The objective is to implement a motion correction algorithm for lateral movements, in real-time, on an iOS device. The algorithm in this post can be tested by downloading MCorr, an iOS app. Lateral movements and rotational movements around the x, y and z axes are shown in Figure 1. with respect to the camera phone.
Pixel shift correction is a software based motion correction algorithm that approximates x and y axis lateral device motion. Camera motion can be corrected for by shifting the frame an optimal number of pixel, in the x or y direction, to maintain a stable video feed. This can be useful for taking videos at high zoom levels or to correct for “shaky” hands.
The pixel shift values are with respect to the previous frame. For example, moving the camera to the left should result in positive y shifts, and moving the camera back to the original position should have negative y shifts. Please note that horizontal motion corresponds with a y shift because it shifts the columns of the image.

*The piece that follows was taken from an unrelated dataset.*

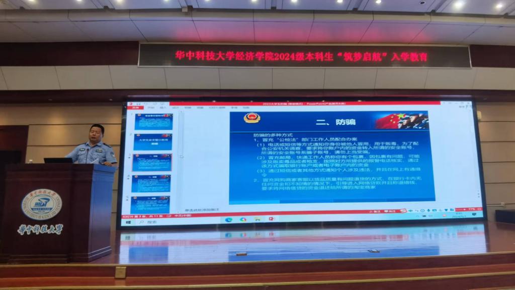 9月1日上午,学院邀请喻家山派出所熊家伟警官为新生们作防骗安全警示讲座。熊警官结合生动案例,面向新生开展防诈骗教育、交通安全警示教育等内容,旨在帮助新生了解各种常见的诈骗手段和骗术,并提供了一些实用的防范策略和技巧,促进他们了解保护个人信息的重要性,增强自我保护意识和能力。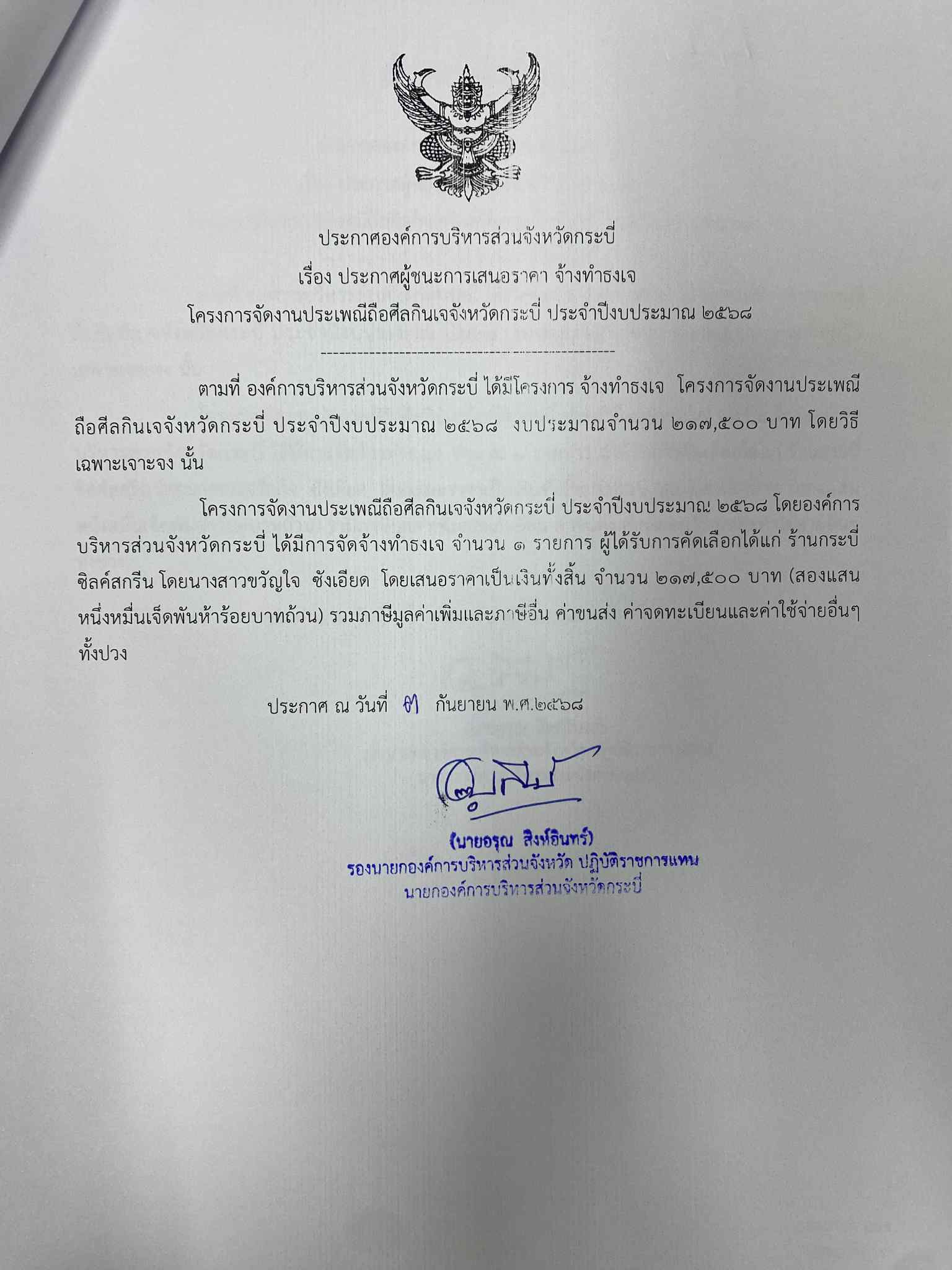 ผู้ชนะการเสนอราคาจัดจ้างจัดและตกแต่งสถานที่ โครงการจัดงานประเพณีแห่จาดเดือนสิบจังหวัดกระบี่ฯ ประจำปีงบประมาณ 2568

Relatively slow movements can produce many small, un-noticable, corrections because the camera phone captures many frames per second. One potential fix is to scale the pixel shifts as follows: (pixel shift)*(# frames)/(# seconds + 1). This makes the pixel shift values proportional to the number of frames, but can produce a large, noisy pixel shift correction. The pixel shifts were smoothed using exponential average between the current and previous shift corrections. A 50% weight was assigned to the current frames pixel shift correction in the exponential average.
The real-time motion correction was achieved by using an exponential average between the current and previous shift corrections. A 90% weight was assigned to the current frames pixel shift correction in the exponential average. Motion correction relative to a reference frame was achieved by accumulating pixel shifts. For example, moving the camera to the left should accumulate positive y shifts and moving the camera back to the original position should decrease the y shifts back to 0. Please note that horizontal motion corresponds with a y shift because it shifts the columns of the image.
Calculating the Pixel Shift from Phase Correlation
The maximum normalized correlation between two arrays, i.e., A and B, can be found by converting the matrices into the Fourier domain. The two matrices can be converted into the Fourier domain using a Fast Fourier transform, or FFT. Correlation between these matrices can be computed in this domain by multiplying matrix A and the conjugation of matrix B. The phase correlation can be found by dividing this result by the absolute magnitude of the Fourier domain correlation matrix. Finally, the matrix is converted back to the regular domain with an inverse Fast Fourier transform, IFFT. Finally, a FFT shift operation is applied to the result. The location of maximum phase correlation in the pixel domain can be used to infer the optimal pixel shift between the two matrices.
[[0 0 0 0]
[0 1 0 0]
[0 0 0 0]
[0 0 0 0]]
[[0 0 0 0]
[0 0 0 0]
[0 0 0 0]
[0 0 1 0]]phase shift of `a` relative to `b`
x shift: 2.0 y shift: 1.0
The optimal pixel between matrix A relative to B is shown in the code block above. The pixel shift was found when matrix A is shifted down 2 pixels and shift to the right 1 pixel. If matrix B is the current frame, of the video feed, and matrix A is the previous frame, the motion corrected image can be display by applying the pixel shift to matrix B.
A FFT shift operation is performed on after the phase correlation matrix is converted into the pixel domain with a IFFT. The FFT shift algorithm is used to adjust the phase correlation matrix so that the pixel shift can be interpreted with respect to the center of the image. The optimal pixel shift is found by subtracting the center coordinate of the image by the location of the maximum phase correlation.
The FFT shift algorithm divides the phase correlation matrix into four quadrants: 0, 1, 2, 3. The quadrants are listed in clockwise order and quadrant 0 is the upper left quadrant. It then swaps the values of the following quadrant pairs: (0,3) (1,2). The image above (left) shows the phase correlation matrix, in the pixel domain, before the FFT shift algorithm. The maximum value is located at point (2,3) in quadrant 3. The image above (right) shows the phase correlation matrix after the FFT operation. Notice how quadrant 3 swapped with quadrant 1 and the maximum value change to point (0,1).
The video at the beginning of the article uses OpenCV to perform phase correlation and to find the optimal pixel shift. The library efficiently computes the phase correlation using C++. OpenCV’s implementation preprocesses the image with zeros before applying the phase correlation algorithm. It also uses 5x5 moving average window to improve the location estimate of the peak phase correlation.